Multi-GPU implementation of a time-explicit finite volume solver using CUDA and a CUDA-Aware version of OpenMPI with application to shallow water flows

This paper shows the development of a multi-GPU version of a time-explicit finite volume solver for the Shallow-Water Equations (SWE) on a multi-GPU architecture. MPI is combined with CUDA-Fortran in order to use as many GPUs as needed and the METIS library is leveraged to perform a domain decomposition on the 2D unstructured triangular meshes of interest. A CUDA-Aware version of OpenMPI is adopted to speed up the messages between the MPI processes. A study of both speed-up and efficiency is conducted; first, for a classic dam-break flow in a canal, and then for two real domains with complex bathymetries. In both cases, meshes with up to 12 million cells are used. Using 24 to 28 GPUs on these meshes leads to an efficiency of 80% and more.

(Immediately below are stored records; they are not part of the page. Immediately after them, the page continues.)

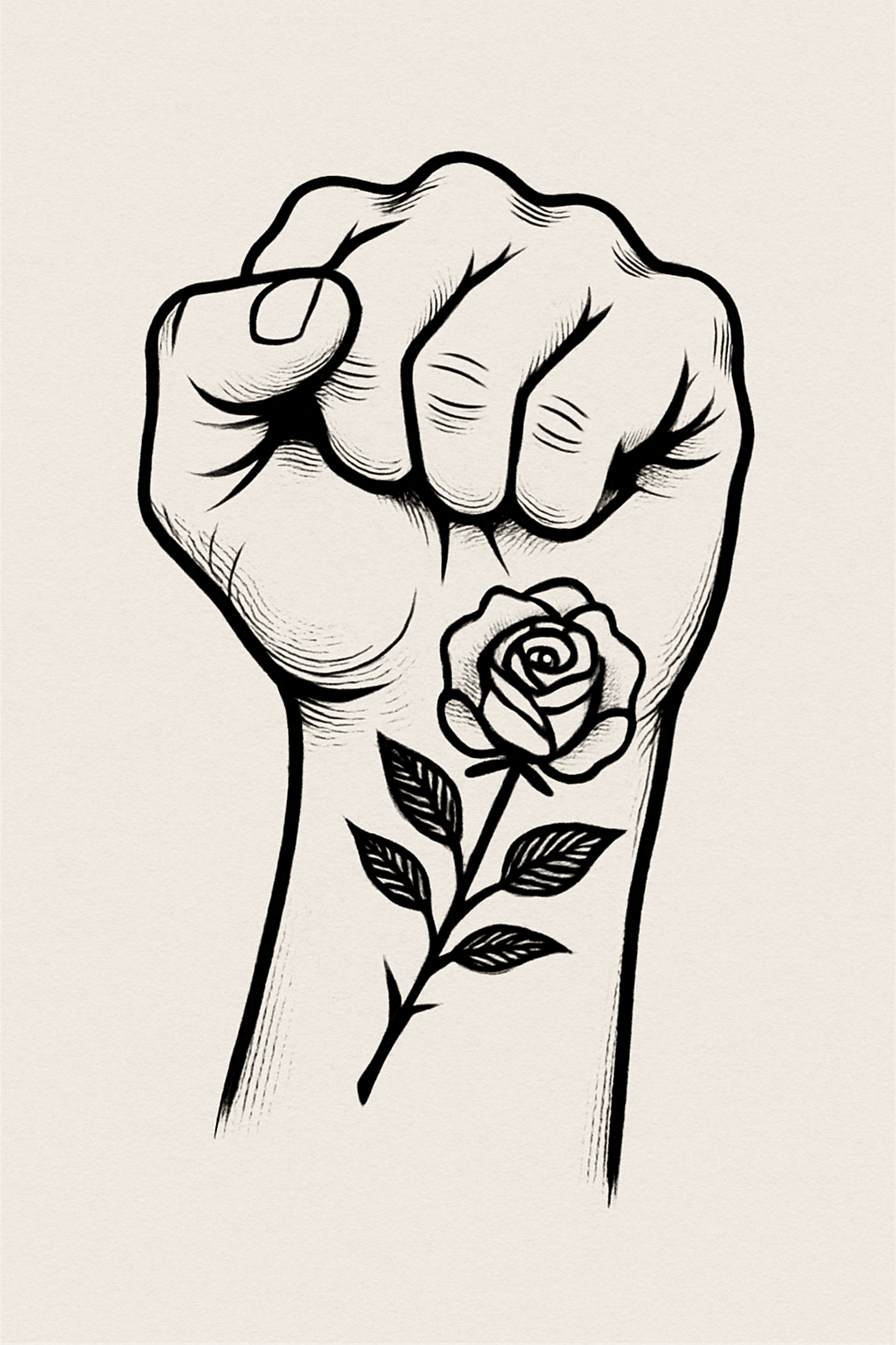 This graphic features a stylized illustration of a clenched fist with a rose tattoo. It has a minimalist design, ideal for tattoo art or empowerment themes.
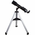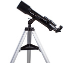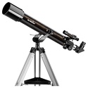Короткофокусный ахроматический рефрактор с апертурой 70 мм. На оптические поверхности нанесено многослойное просветляющее покрытие. Телескоп снабжен оптическим искателем с 6-кратным увеличением. В комплект входят окуляры 10 мм и 25 мм. Труба устанавливается на азимутальную монтировку с алюминиевой треногой.
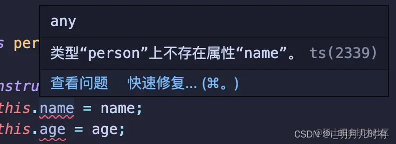 这时候ts会提示,你特么都没有这个属性,你让我构造器创造这个属性,你逗我呢?所以正确的写法是下面这种。
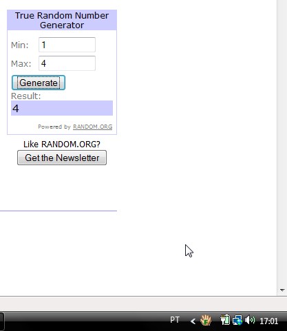O sorteio será através do site Random.org respeitando a ordem de postagem dos comentários.
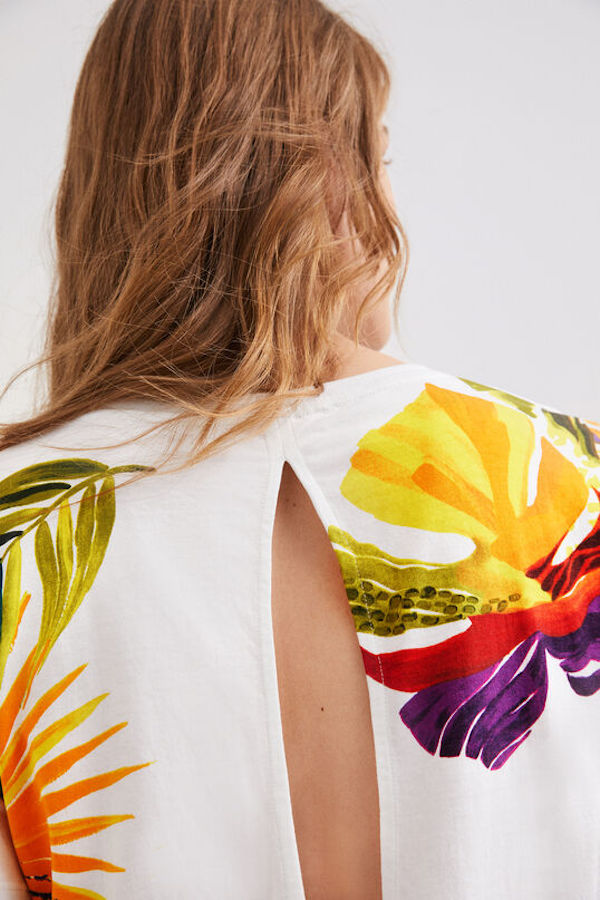 Avec son décolleté original dans le dos, le t-shirt Desigual est en coton blanc avec un imprimé tropical.
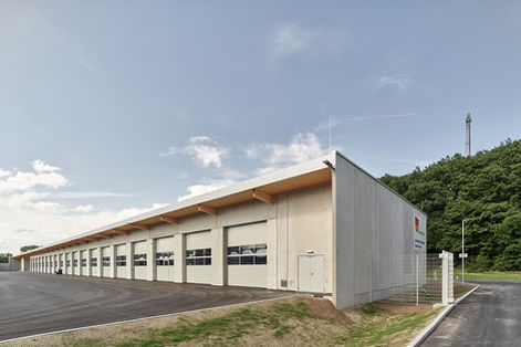 In Stoob wurde ein neuer, zentraler Stützpunkt für die Straßenmeisterei Burgenland errichtet. Der neue Standort umfasst ein Verwaltungsgebäude sowie eine Werkshalle mit Zentralmagazin, Werkstätte und Prüfstelle für LKWs. Des Weiteren wurden überdachte Stellplätze für den Fuhrpark, beheizte und unbeheizte Garagen, eine Tankstelle, Salzsilos inkl. Solemischanlage und Waschboxen auf dem 25.440 m² großen Grundstück realisiert. Insgesamt bietet der Stützpunkt ca. 110 Mitarbeiter:innen Platz.
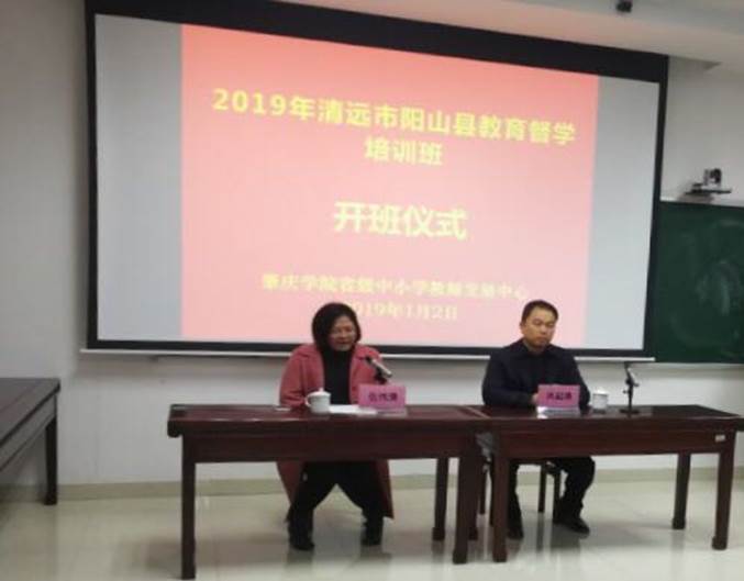 2019年1月2日下午,清远市阳山县教育督学培训班在taptap点点官方网站省级中小学教师发展中心106课室隆重开班。清远市阳山县教育督导室伍伟清主任、taptap点点官方网站taptap点点官方网站肖起清院长以及来自阳山县教育督学培训班的53名学员,共同出席了开班仪式。
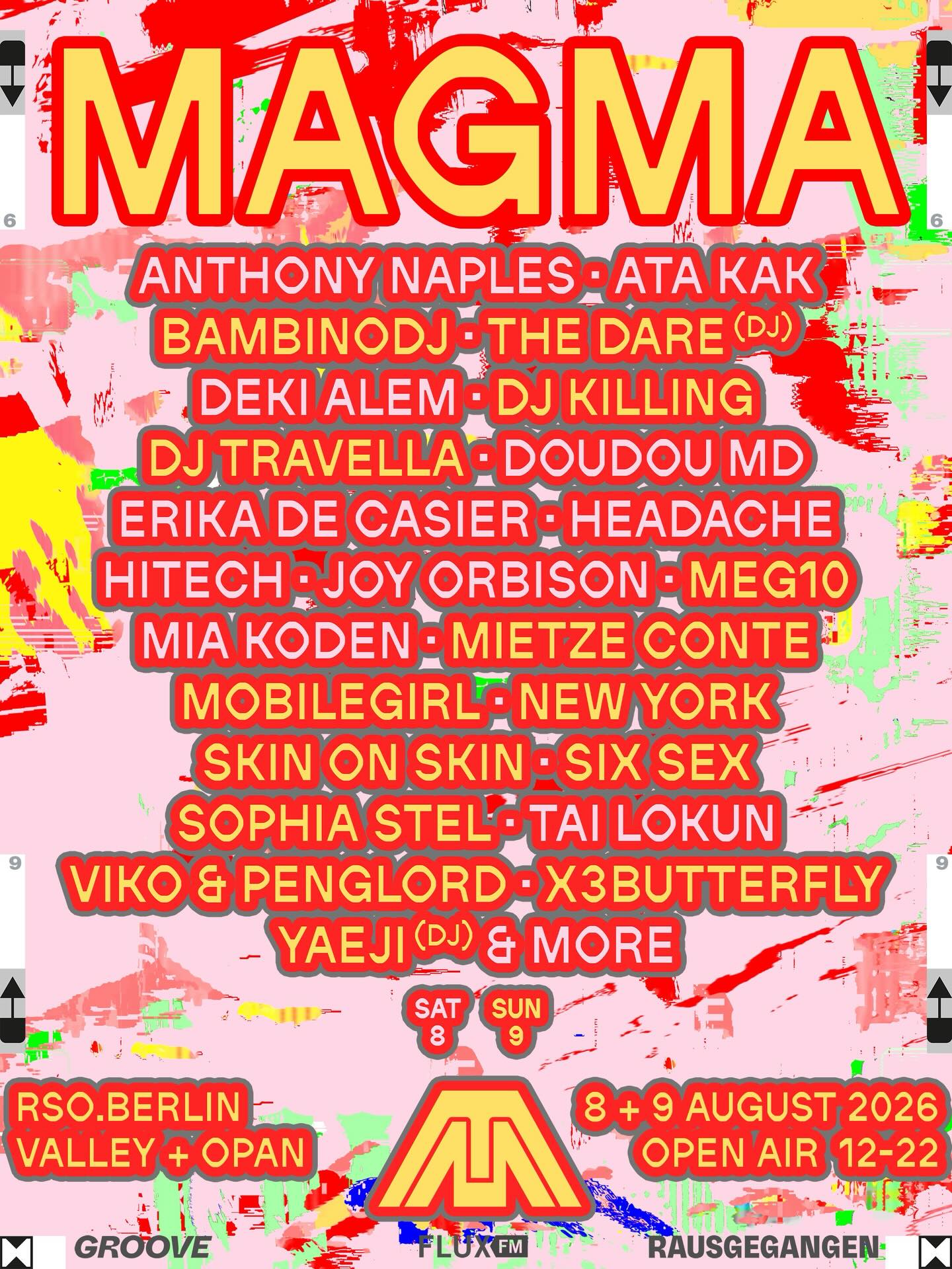 Further depth comes from Ata Kak, Bambinodj, Deki Alem, DJ Killing, Meg10, Mia Koden, Mietze Conte, Mobilegirl, New York, Six Sex, Sophia Stel, Tai Lokun, Viko & Penglord and X3Butterfly. The diverse roster highlights MAGMA’s curatorial edge, spotlighting emerging innovators alongside established tastemakers across two immersive open air days in Berlin.

Finally, the multi-GPU version is compared to the pure MPI multi-CPU version, and it is concluded that in this particular case, about 100 CPU cores would be needed to achieve the same performance as one GPU. The developed methodology is applicable for general time-explicit Riemann solvers for conservation laws. (C) 2021 Elsevier B.V. All rights reserved.

Automated summary

This study presents the development of a multi-GPU version of a time-explicit finite volume solver for the Shallow-Water Equations on a multi-GPU architecture, utilizing MPI, CUDA-Fortran, and the METIS library. By using multiple GPUs to accelerate message passing and conducting efficiency studies, it was found that efficiencies of over 80% can be achieved.